Zelda tenía una resaca espantosa. Habían estado en Montmartre la noche anterior, y se habían peleado porque Scott no quería emborracharse. Me dijo que se había resuelto a trabajar de verdad y a no beber, y Zelda lo trataba como a un aguafiestas o a un amargado. Y cuando volvió a acusarlo con esas palabras adelante nuestro y él protestó, Zelda se puso pesada insistiendo:

-No es verdad. Yo no te dije eso, Scott. Te digo que no es verdad.

Y enseguida parecía acordarse de algo divertido y carcajeaba alegremente, sin explicación.

Aquel día Zelda no estaba demasiado linda. Le habían estropeado su hermoso pelo rubio oscuro con una mala permanente que le hicieron en Lyon, y tenía las facciones crispadas y ajadas.
                                                                                               
Estuvo ceremoniosamente amable con Hadley y conmigo, pero todavía parecía estar en la fiesta de la que había llegado de madrugada. Además parecía creer que Scott y yo nos habíamos divertido divinamente en el viaje que hicimos desde Lyon y eso la ponía celosa. “Ustedes dos salen juntos a disfrutar, y lo justo sería que yo también me divirtiera con nuestros amigos, aquí, en París”, le dijo a Scott. Él se había puesto la máscara para asumir el papel de anfitrión perfecto. Comimos un almuerzo muy malo, que el vino alegró un poco, pero no mucho. La niña era rubia, gordota, bien formada y rebosante de salud, y hablaba inglés con el acento plebeyo de Londres.
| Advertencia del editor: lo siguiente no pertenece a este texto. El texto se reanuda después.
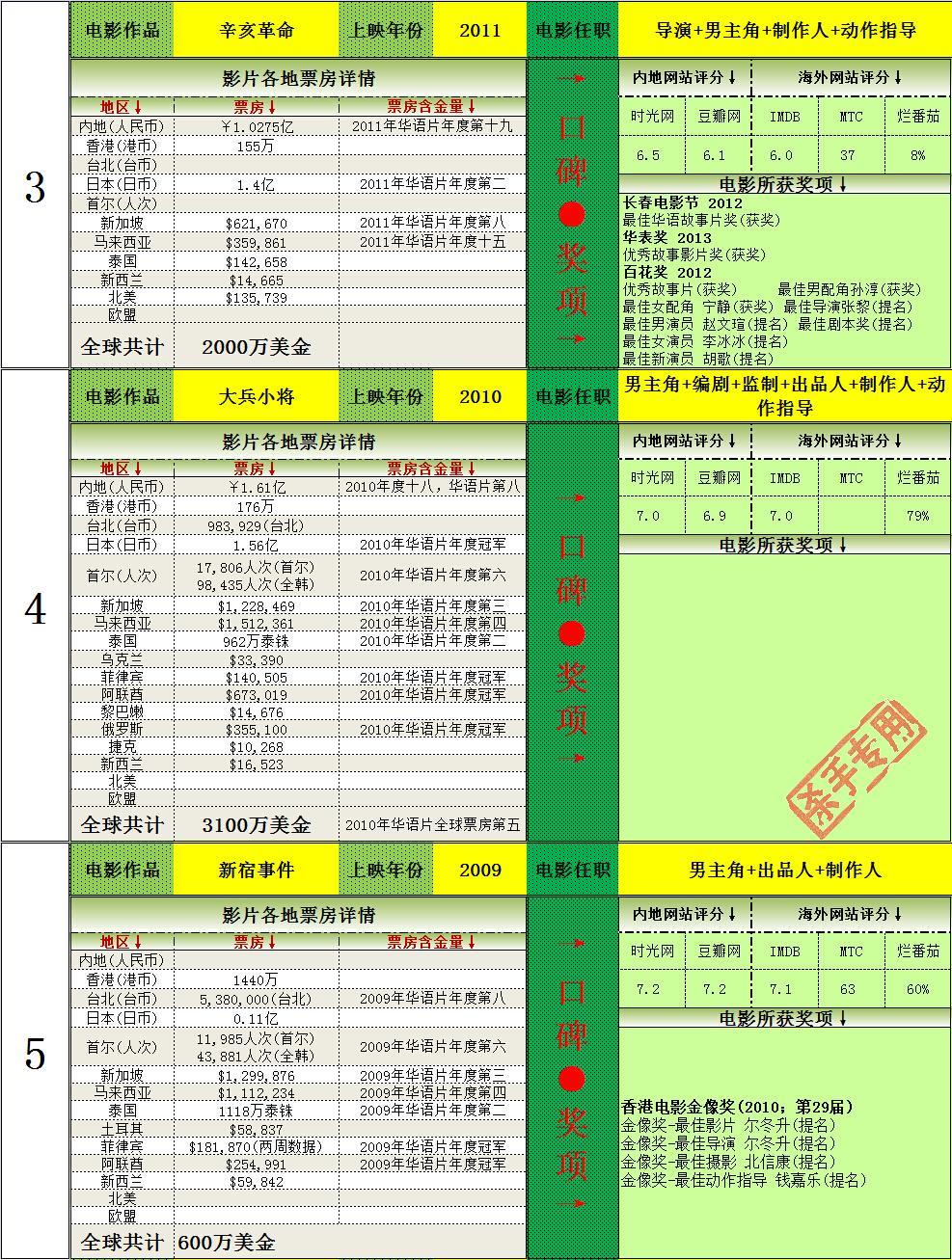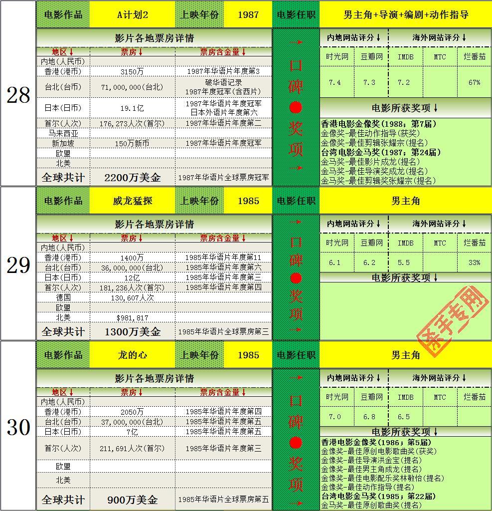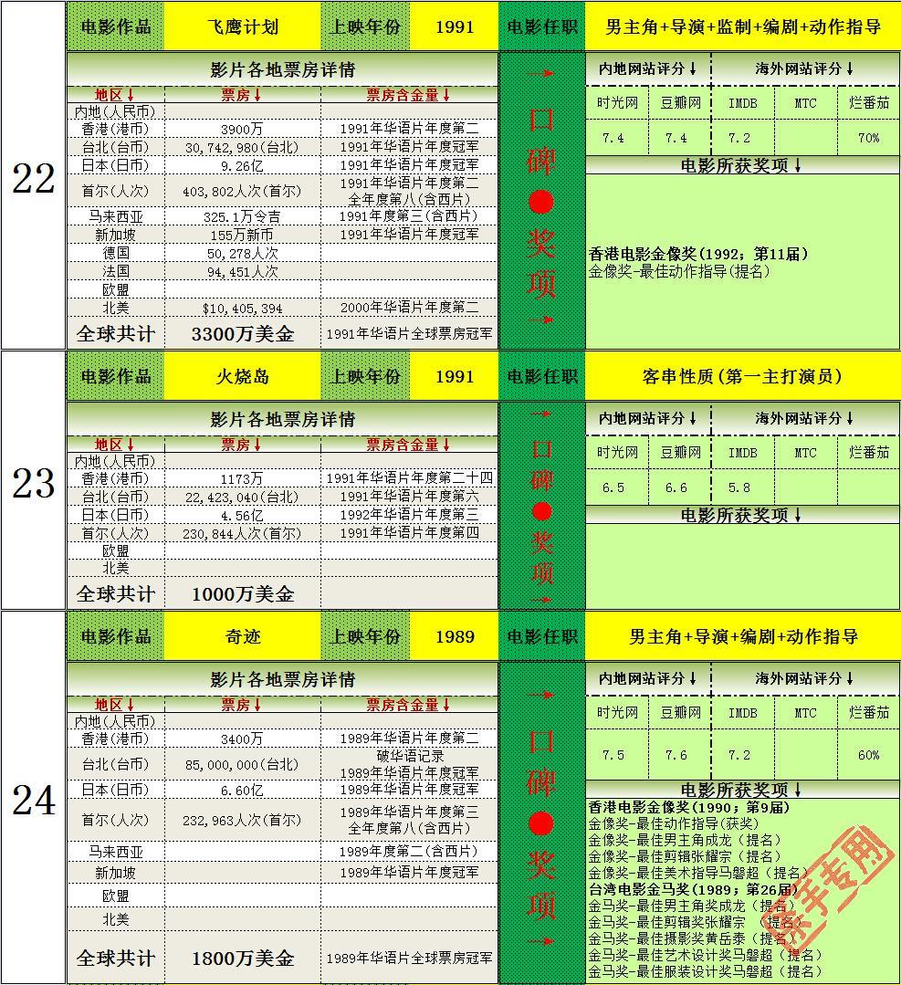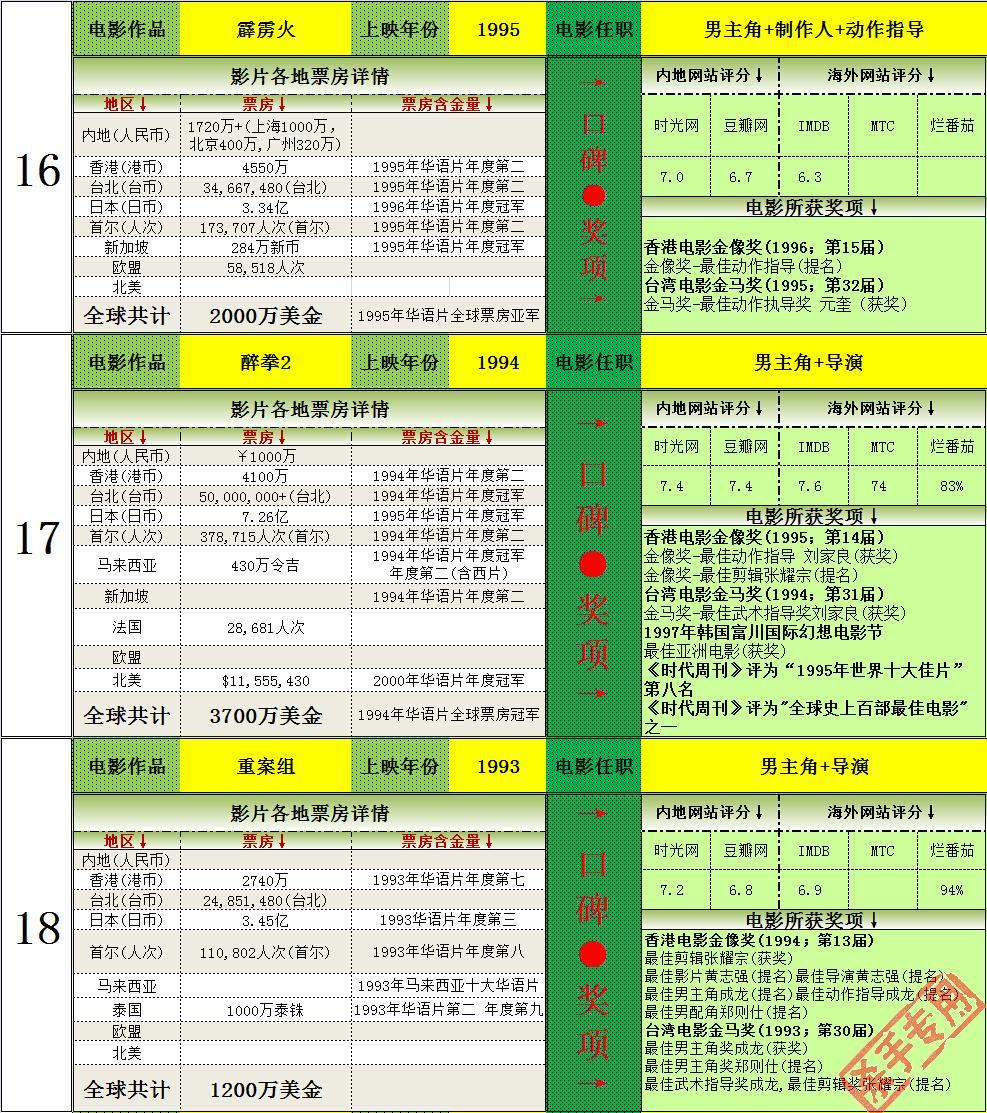 2.打破韩国历史记录一次,14次打入韩国年度排名前十(含西片),获得16次华语年冠(目前警察故事2013为2014年华语片年冠,加上的话17次),均为华人第一。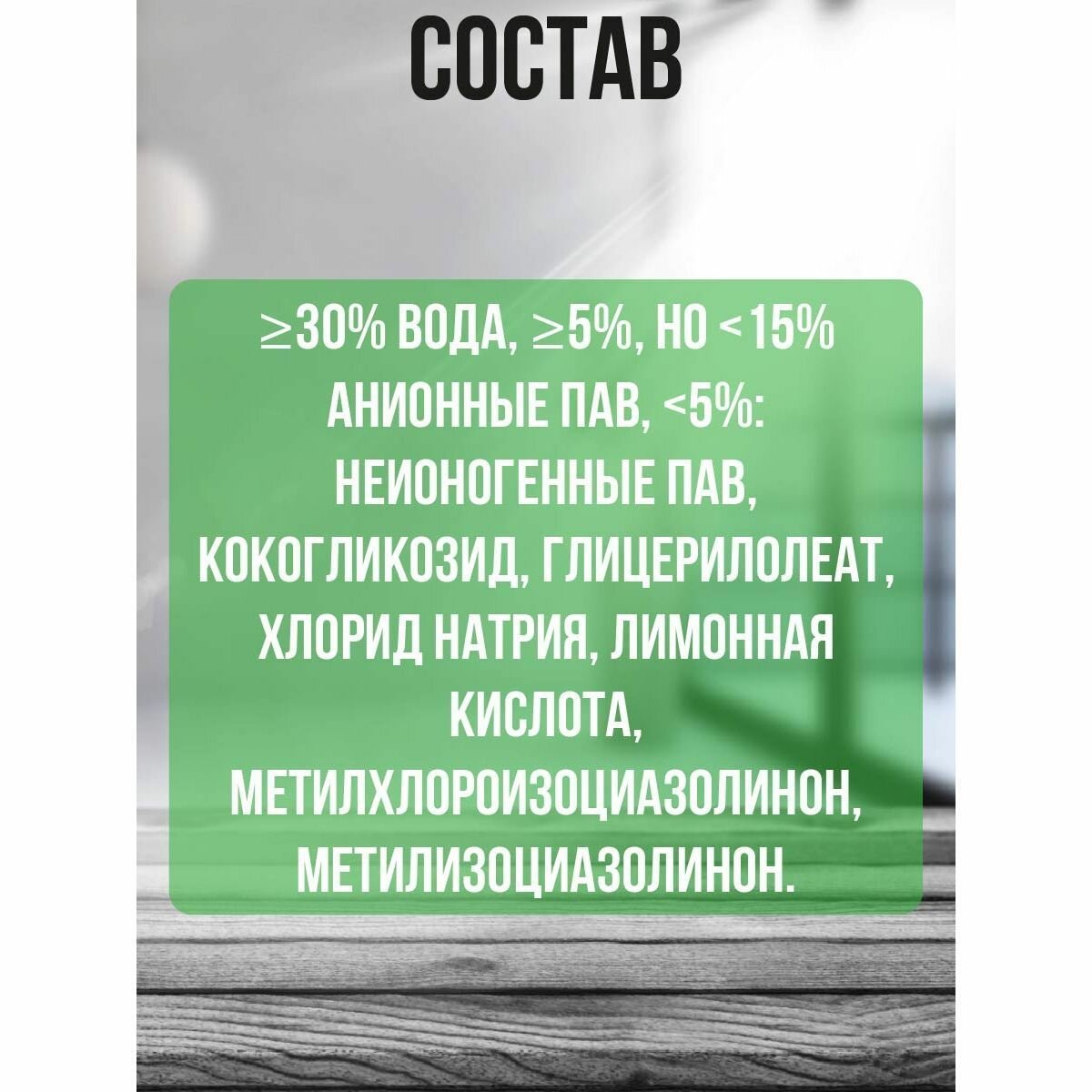 | Состав | деионизированная вода, неионогенные ПАВ (более 5%, но менее 15%), анионные ПАВ (менее 5%), регулятор кислотности, регулятор вязкости, консервант (не менее 0,2%), отдушка, краситель. |

Scott me explicó que le habían puesto una niñera inglesa porque él quería que cuando fuera mayor hablara como Lady Diana Manners.

Zelda tenía ojos de gavilán y labios delgados, y modales y acento de algún Estado del Sur. Yo seguía sintiendo cómo su espíritu abandonaba la mesa y se escapaba a la fiesta de la noche anterior, y al rato los ojos se le volvían a poner impenetrables como los de un gato, aunque enseguida volvía la alegría para recorrerle un momento la línea fina de sus labios. Scott seguía actuando como un buen anfitrión jovial, y Zelda lo vigilaba y se volvía a alegrar a medida que Scott iba dándole al vino. Con el tiempo llegué a conocer muy bien aquella sonrisa. Significaba que Zelda se daba cuenta de que Scott ya no estaba ya en condiciones de escribir.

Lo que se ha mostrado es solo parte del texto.